Half were given fortnightly infusions of lecanemab — an antibody that tells the immune system to clear amyloid — while the other half were given a placebo.
The results showed that the decline in memory and mental agility slowed by 27% in patients who took lecanemab.
Crucially, the drug removed enough amyloid protein that patients wouldn’t have had enough evidence of Alzheimer’s disease to qualify for entry to the trial.
Alzheimer’s Research UK described the outcome as a “major step forward” in reducing cognitive decline among patients.

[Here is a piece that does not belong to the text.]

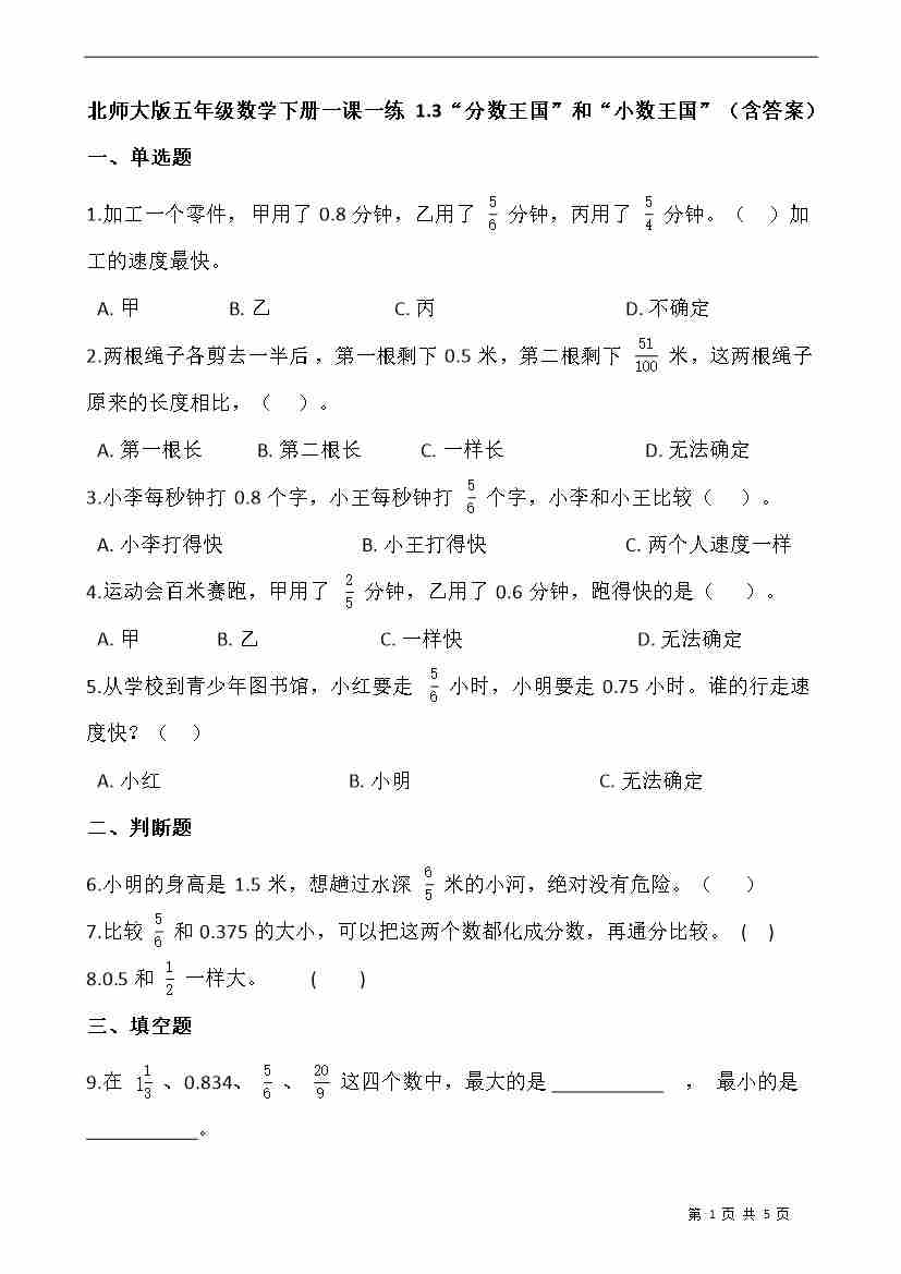 首页 > 全部 > 一课一练 > 1.3“分数王国”和“小数王国” (含答案)
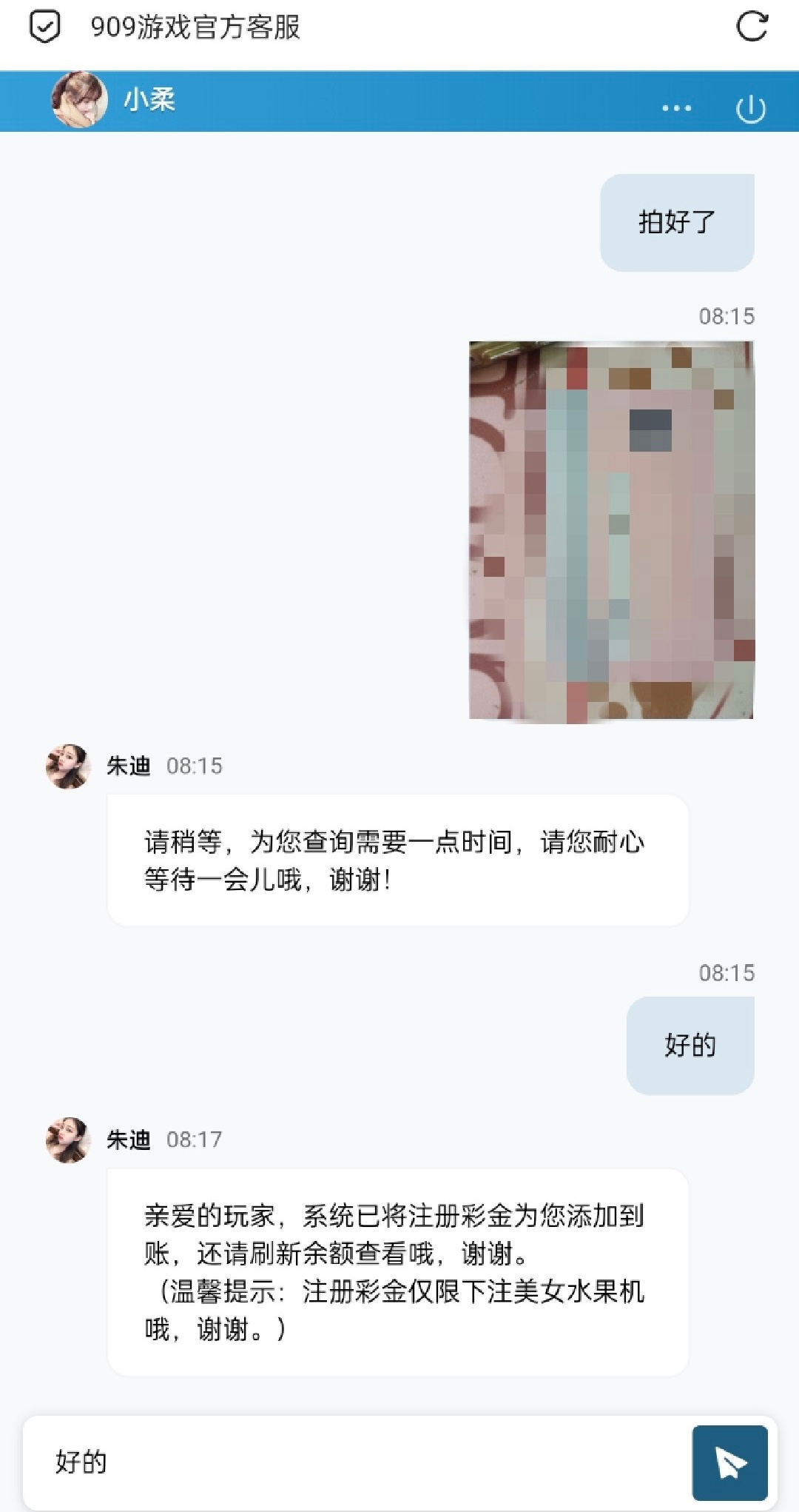 先打开六合宝典然后进入页面 有两个909一个是909彩票一个 往下滑还有一个909游戏 两个都可以申请 先截图进入链接注册后联系客服 领取18注册彩金 需要提供银行卡照片 介意的可以不要去了 限制玩美女水果机 10倍水

“These exciting findings represent a major step forward for dementia research and could herald a new era for people with Alzheimer’s disease. This is the first time a drug has been shown to both reduce the disease in the brain and slow memory decline in clinical trials,” Director of Research Dr. Susan Kohlhaas said.
However, she warned that adverse side effects from the drug showed it was no miracle cure.
“Lecanemab was associated with severe side effects, and it will be important for regulators to understand the safety profile of the drug before it is given a full license for use,” she added.
The findings were presented at the Clinical Trials on Alzheimer’s Disease conference in San Francisco on Tuesday. They follow the release earlier in the fall of top-line results from manufacturers of the drug Eisai and Biogen.
It is not clear whether the death was directly linked to the drug. The woman was given an additional medicine known as tissue plasminogen activator (tPA) to clear blood clots resulting from the haemorrhage.
Eisai said in a statement on Monday that all available safety information indicates lecanemab therapy is not associated with an increased risk of death overall, and added that it could not provide any information about specific patients “to protect the privacy of patients.”
However, it marks the second report of a death from the trial. An 80-year-old man who participated in the trial and was also receiving a blood thinner died in June.
U.S. health regulators are currently assessing the results of the clinical trial and will soon decide whether lecanemab can be approved for wider use.
Eisai and Biogen plan to begin the approval process in other countries next year.